Deep learning-based ovarian cancer subtypes identification using multi-omics data

Long-Yi Guo; Ai-Hua Wu; Yong-Xia Wang; Li-Ping Zhang; Hua Chai; Xue-Fang Liang

doi:10.1186/s13040-020-00222-x

Deep learning-based ovarian cancer subtypes identification using multi-omics data

BioData Min. 2020 Aug 24:13:10. doi: 10.1186/s13040-020-00222-x. eCollection 2020.

Authors

Long-Yi Guo¹, Ai-Hua Wu², Yong-Xia Wang², Li-Ping Zhang¹, Hua Chai³, Xue-Fang Liang²

Affiliations

¹ Second School of Clinical Medicine, Guangzhou University of Chinese Medicine, Guangzhou, 510020 China.
² Center for Reproductive Medicine, Guangdong Hospital of Traditional Chinese Medicine, Guangzhou, 510120 China.
³ School of Data and Computer Science, Sun Yat-sen University, Guangzhou, 510000 China.

Abstract

Background: Identifying molecular subtypes of ovarian cancer is important. Compared to identify subtypes using single omics data, the multi-omics data analysis can utilize more information. Autoencoder has been widely used to construct lower dimensional representation for multi-omics feature integration. However, learning in the deep architectures in Autoencoder is difficult for achieving satisfied generalization performance. To solve this problem, we proposed a novel deep learning-based framework to robustly identify ovarian cancer subtypes by using denoising Autoencoder.

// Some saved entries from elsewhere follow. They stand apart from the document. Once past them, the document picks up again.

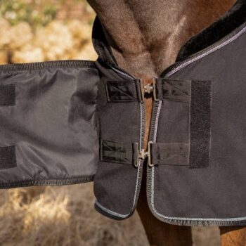 Alliez style et confort avec la couverture polaire Salerno, dotée d’un col luxueux et d’un cordon décoratif raffiné. Son design élégant s’accompagne de sursangles croisées invisibles et d’une double fermeture avant avec rabat de poitrail superposé, garantissant un maintien parfait et une allure soignée.
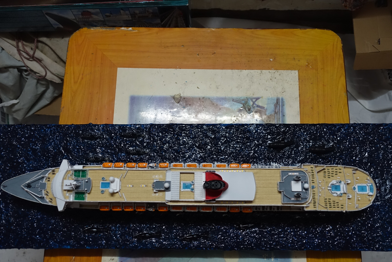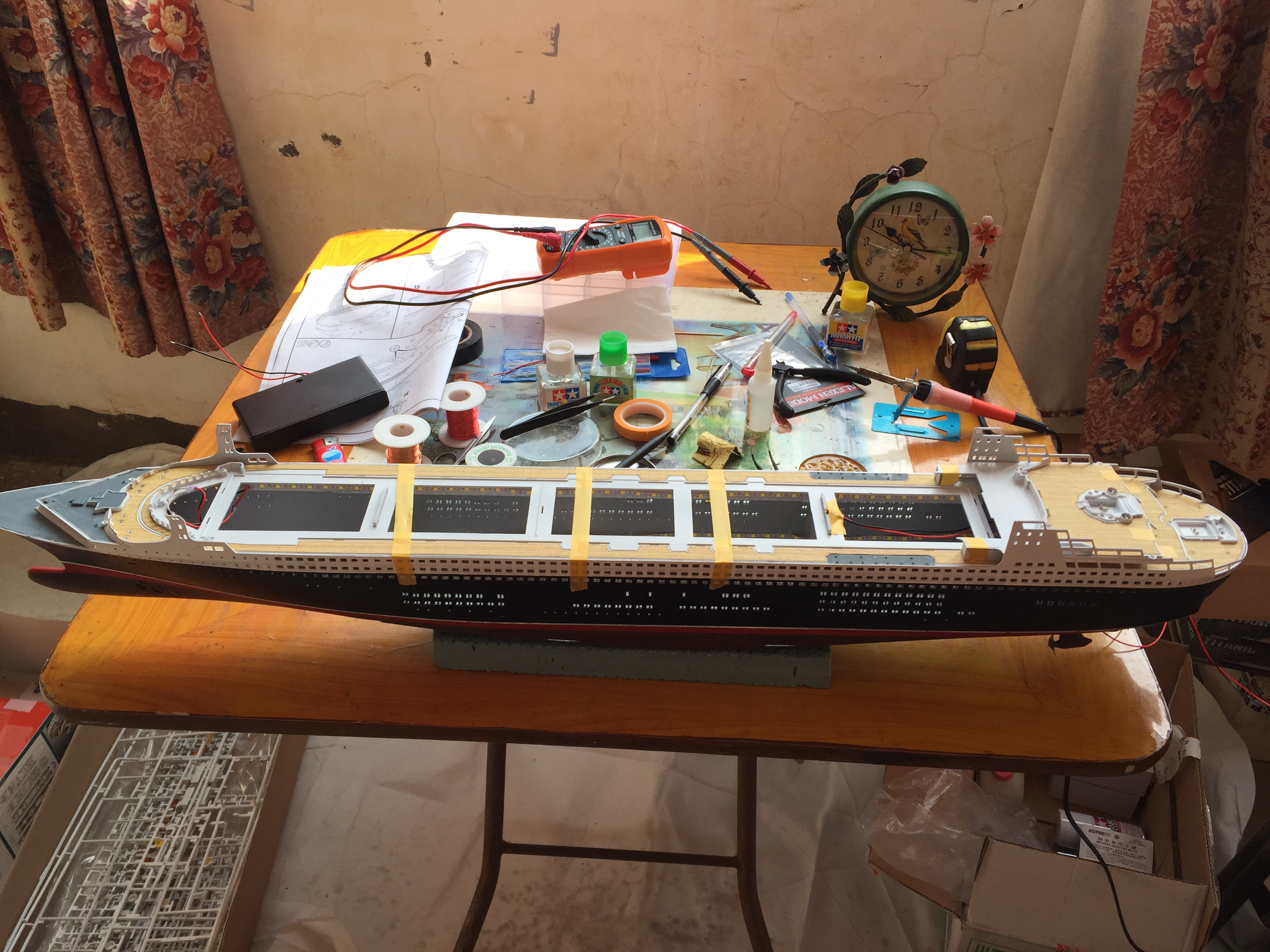 各种零件组合,水贴上船,泳池“灌水”,船体制作完工
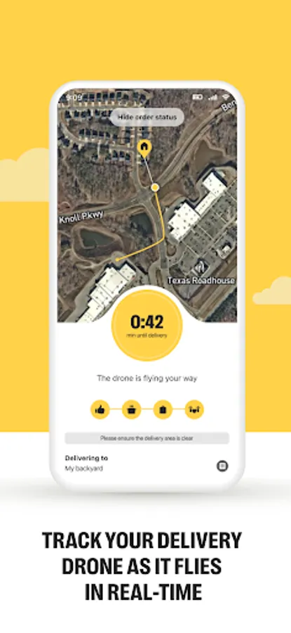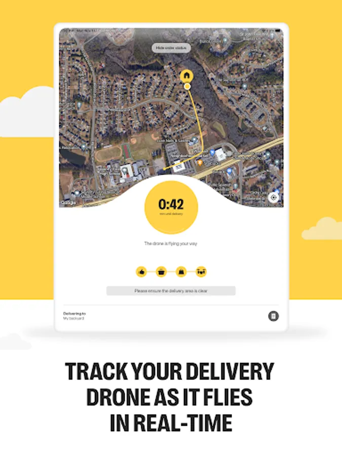 - Follow the drone’s flight in real-time as it flies to your backyard

Results: In proposed method, the composite features of multi-omics data in the Cancer Genome Atlas were produced by denoising Autoencoder, and then the generated low-dimensional features were input into k-means for clustering. At last based on the clustering results, we built the light-weighted classification model with L1-penalized logistic regression method. Furthermore, we applied the differential expression analysis and WGCNA analysis to select target genes related to molecular subtypes. We identified 34 biomarkers and 19 KEGG pathways associated with ovarian cancer.

Conclusions: The independent test results in three GEO datasets proved the robustness of our model. The literature reviewing show 19 (56%) biomarkers and 8(42.1%) KEGG pathways identified based on the classification subtypes have been proved to be associated with ovarian cancer. The outcomes indicate that our proposed method is feasible and can provide reliable results.

Keywords: Deep learning; Multi-omics; Ovarian cancer.